··· Provided records

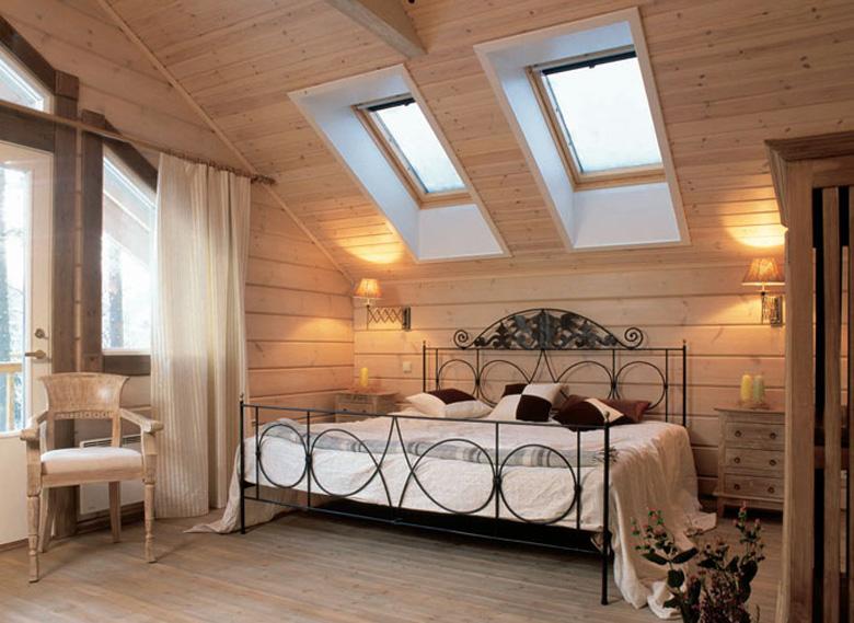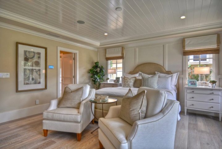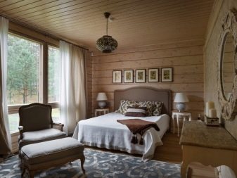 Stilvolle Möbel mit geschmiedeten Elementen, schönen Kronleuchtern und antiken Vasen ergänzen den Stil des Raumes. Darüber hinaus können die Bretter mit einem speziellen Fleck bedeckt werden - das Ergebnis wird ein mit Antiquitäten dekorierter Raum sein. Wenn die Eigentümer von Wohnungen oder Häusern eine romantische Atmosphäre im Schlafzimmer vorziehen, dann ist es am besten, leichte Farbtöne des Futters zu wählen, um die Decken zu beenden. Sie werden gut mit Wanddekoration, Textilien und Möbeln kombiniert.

······
··· Provided records

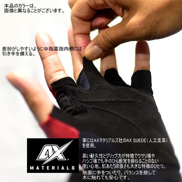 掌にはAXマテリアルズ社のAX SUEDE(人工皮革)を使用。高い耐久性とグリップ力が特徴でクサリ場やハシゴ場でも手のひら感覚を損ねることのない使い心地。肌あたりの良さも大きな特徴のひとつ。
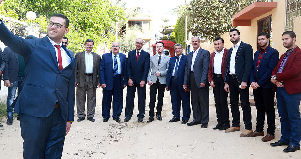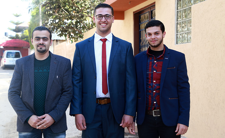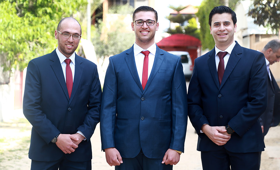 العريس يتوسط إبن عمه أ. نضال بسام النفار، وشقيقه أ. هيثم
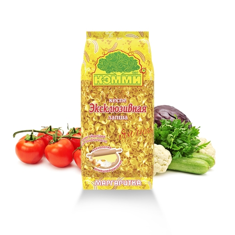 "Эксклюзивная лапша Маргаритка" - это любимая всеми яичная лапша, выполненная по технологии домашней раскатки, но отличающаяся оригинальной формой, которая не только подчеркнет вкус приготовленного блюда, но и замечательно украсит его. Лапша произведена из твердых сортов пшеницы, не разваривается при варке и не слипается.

······

→ **Task to complete**
Your answer should be the exact lines above from the one containing "العريس يتوسط إبن" through the one containing "и не слипается.", with both end lines kept and the pictures removed, please.

→ **Output for this exercise**
 العريس يتوسط إبن عمه أ. نضال بسام النفار، وشقيقه أ. هيثم
 "Эксклюзивная лапша Маргаритка" - это любимая всеми яичная лапша, выполненная по технологии домашней раскатки, но отличающаяся оригинальной формой, которая не только подчеркнет вкус приготовленного блюда, но и замечательно украсит его. Лапша произведена из твердых сортов пшеницы, не разваривается при варке и не слипается.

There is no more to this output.